I've use Scientist for every major refactor I've done--IMO it's one of the best examples of a library that does one thing extremely well and has a clean interface.
Feeding production data into two different paths to compare them is obviously valuable. Does anyone have any good reasons why this has to happen in online code and can't happen against database replicas in offline mode?
I always feel that it would be great to be able to do this with code that has side-effects (eg. anything that changes the database) but I've never seen a general purpose solution for this. The README mentions using a write replica, but how do you deal with data drifting in case of bad writes?
There’s goreplay[0]. But once you start using that you quickly find that many parts of your app use random data (such as uuids) or clock data (timestamps etc) getting these synced between prod and replay or ignored on replay is quite a hassle.
How to handle the case when you want to replace a function that makes changes to a database? Is this library aimed only towards functions which don't make changes to the system's state?
This kind of testing isn’t just good for refactors. You can also use it for rewrites or substantial architectural changes. I think github did something like this while trying to make the storage format more efficient.

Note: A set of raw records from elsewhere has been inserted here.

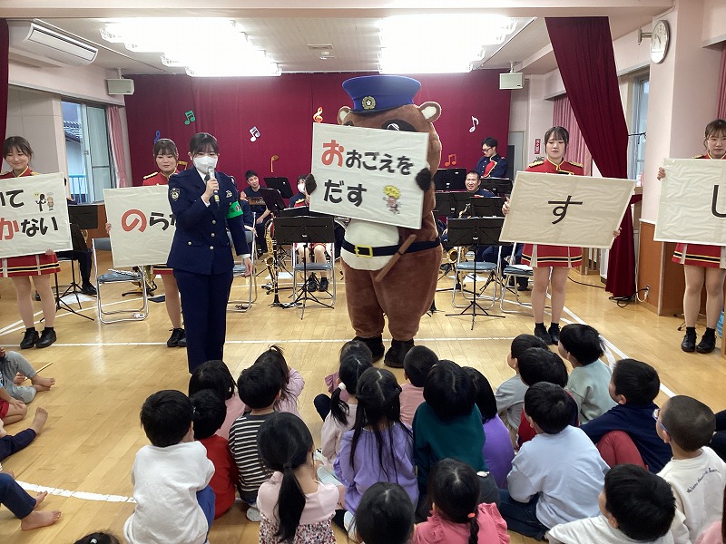 また、曲と曲の合間には横断歩道の渡り方を確認したり、『いかのおすし』の約束を教えてもらう時間もありました。
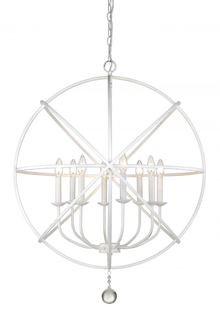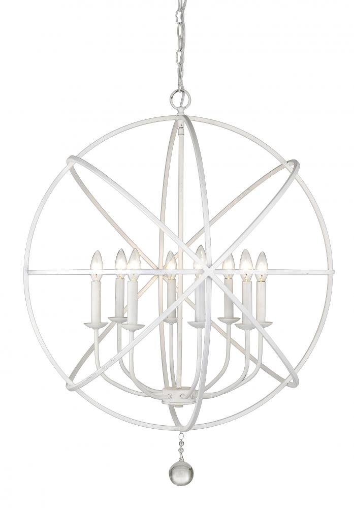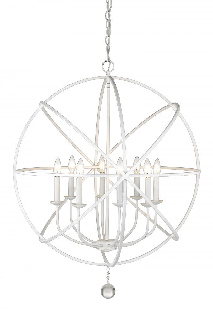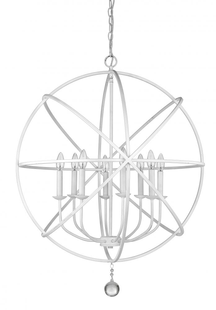 Bring stunning design and fresh personality to a dining or living space with this matte white open-orb eight-light chandelier. Blending style motifs, its space-inspired steel frame delivers an artful ambiance, and customizable finishes over its frame interior, finials, and candelabra-style bulb bases offer coveted flexibility for a tailored room decor.
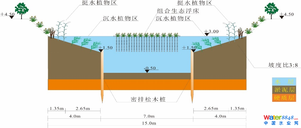 新型強(qiáng)化復(fù)合人工濕地工藝總停留時間3d,總水力負(fù)荷0.15m3//d,出水達(dá)到地表III類標(biāo)準(zhǔn)(GB3838-2002)。
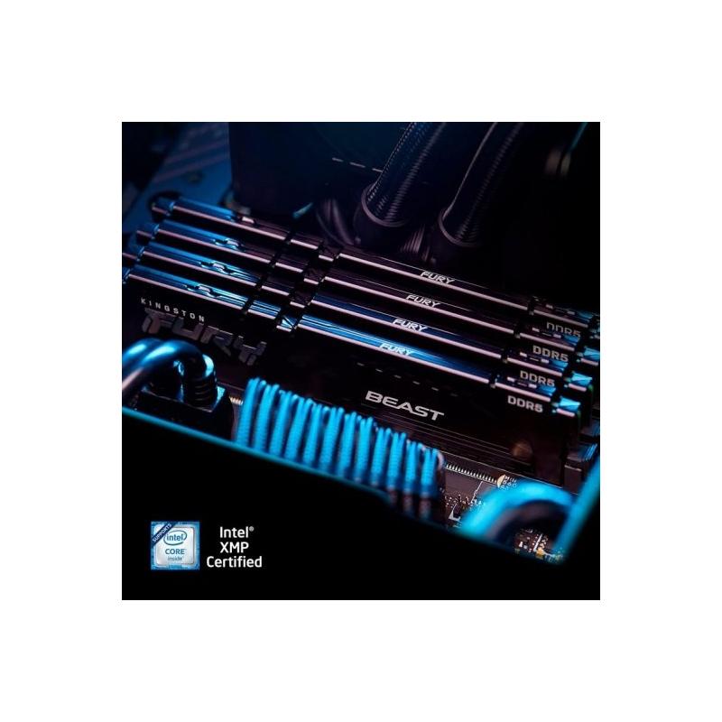 La memoria Kingston FURY Beast DDR5 trae la tecnología más novedosa y avanzada para las plataformas de juego de nueva generación. Empujando todavía más allá los límites de velocidad, capacidad y fiabilidad, DDR5 llega con multitud de novedades y mejoras, como el ECC (código de corrección de errores) interno (ODECC) para mantener la estabilidad a velocidades extremas, dobles subcanales de 32 bits para incrementar la eficacia, y un circuito integrado de gestión de alimentación dentro del modulo (PMIC) para inyectar energía cuando más se la necesita. Gracias a los notables avances en materia de velocidad, con la duplicación de bancos desde 16 a 32 y de la longitud de ráfaga desde 8 a 16, la memoria DDR5 le llevará a nuevos niveles en materia de juego y de aplicaciones del sistema. Tanto si está llevando los límites de su especialización jugadora hasta niveles nunca vistos, realizando difusiones 4K+ en directo o experimentando con animaciones complejas y digitalización 3D, la memoria Kingston FURY Beast DDR5 es la actualización que necesita, ya que combina perfectamente el diseño y un rendimiento sin límites. Además, utiliza Intel XMP 3.0, una nueva especificación de sobreaceleración (overclocking) que incluye dos perfiles personalizables para velocidades y sincronización.
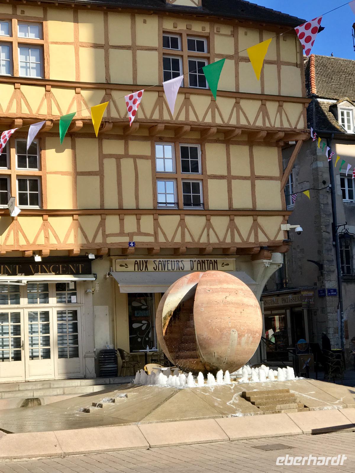 Die Sonne scheint, was will man mehr. Die Uferstraße ist direkt an der Anlegestelle und in erster Reihe stehen die kleinen malerischen Häuser. Wir fallen förmlich vom Schiff in die Stadt. Ein Teil unserer Reisegäste nimmt heute am Vormittag an einem Ausflug nach Dijon, in die Stadt der burgundischen Herzöge teil. Auf der „Route des Grands Crus" fahren wir durch sanft geschwungene Weinberge nach Dijon, die historische und heutige Hauptstadt des Burgunds. Der Stadtrundgang führt uns zum imposanten Palast der Herzöge, die bereits im Mittelalter ein gewaltiges Reich regierten. Die Stadt Dijon ist berühmt für den Senf und ein wichtiger Handelsplatz für Burgunderweine.

By the time we extracted Scientist, the code we were refactoring had pretty good test coverage. But even the best test suite is an imperfect model of production. The first section of the README briefly mentions this:
"Let's pretend you're changing the way you handle permissions in a large web app. Tests can help guide your refactoring, but you really want to compare the current and refactored behaviors under load."
Even in a well-tested codebase some integration points are extremely hard to test, notably external services that you connect to. Rewriting these to use a different service or just a different way of connecting to a service would be an example where this ends up being useful.
Which is really valuable if you don’t have tests, or your test suite doesn’t give you much confidence, is too brittle to make the changes without breaking the tests, or maybe the code is structured so that it’s really hard to test all the paths that occur in production.